[Data items]
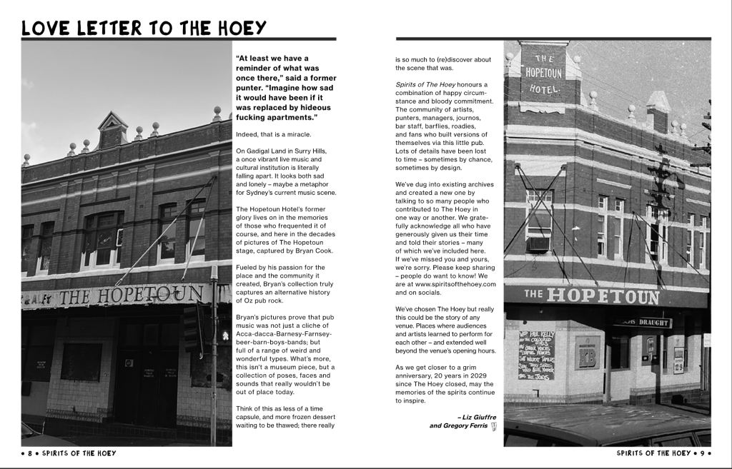 Drawing on Bryan Cook’s fantastic images and street press archives from the State Library of NSW, we are proud to present Spirits Of The Hoey – The Book.
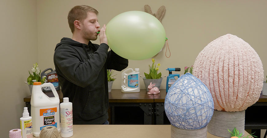 Create the base for your DIY Easter basket by blowing up a large balloon. Blow air into the balloon until a large egg shape forms. Tie off the balloon and set it aside.
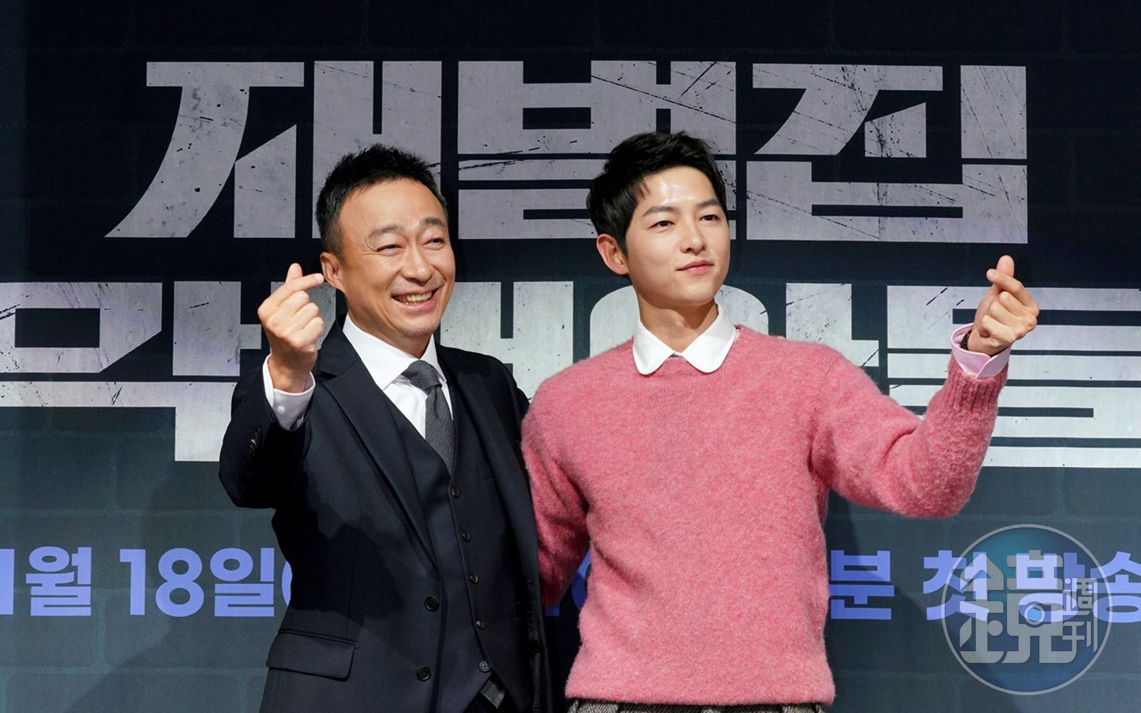 宋仲基(右)與李星民出席《財閥家的小兒子》記者會。(friDay影音提供)
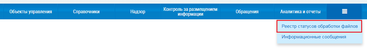 Отображается страница Реестр статусов обработки файлов. Результат обработки файла заносится в столбец Статус обработки.
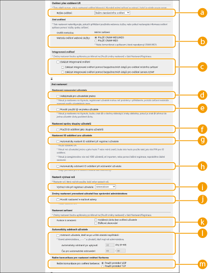 Chcete-li deaktivovat funkci integrovaného ověření přístupových práv pouze pro přihlášené uživatele zaregistrované na serveru LDAP, zaškrtněte políčko pro [Zakázat integrované ověření pomocí bezpečnostních údajů pro ověření serveru LDAP].

• TASK INSTRUCTIONS:
Exactly as they stand, the entries must be written out again, pictures excluded.

• FINAL ANSWER:
 Drawing on Bryan Cook’s fantastic images and street press archives from the State Library of NSW, we are proud to present Spirits Of The Hoey – The Book.
 Create the base for your DIY Easter basket by blowing up a large balloon. Blow air into the balloon until a large egg shape forms. Tie off the balloon and set it aside.
 宋仲基(右)與李星民出席《財閥家的小兒子》記者會。(friDay影音提供)
 Отображается страница Реестр статусов обработки файлов. Результат обработки файла заносится в столбец Статус обработки.
 Chcete-li deaktivovat funkci integrovaného ověření přístupových práv pouze pro přihlášené uživatele zaregistrované na serveru LDAP, zaškrtněte políčko pro [Zakázat integrované ověření pomocí bezpečnostních údajů pro ověření serveru LDAP].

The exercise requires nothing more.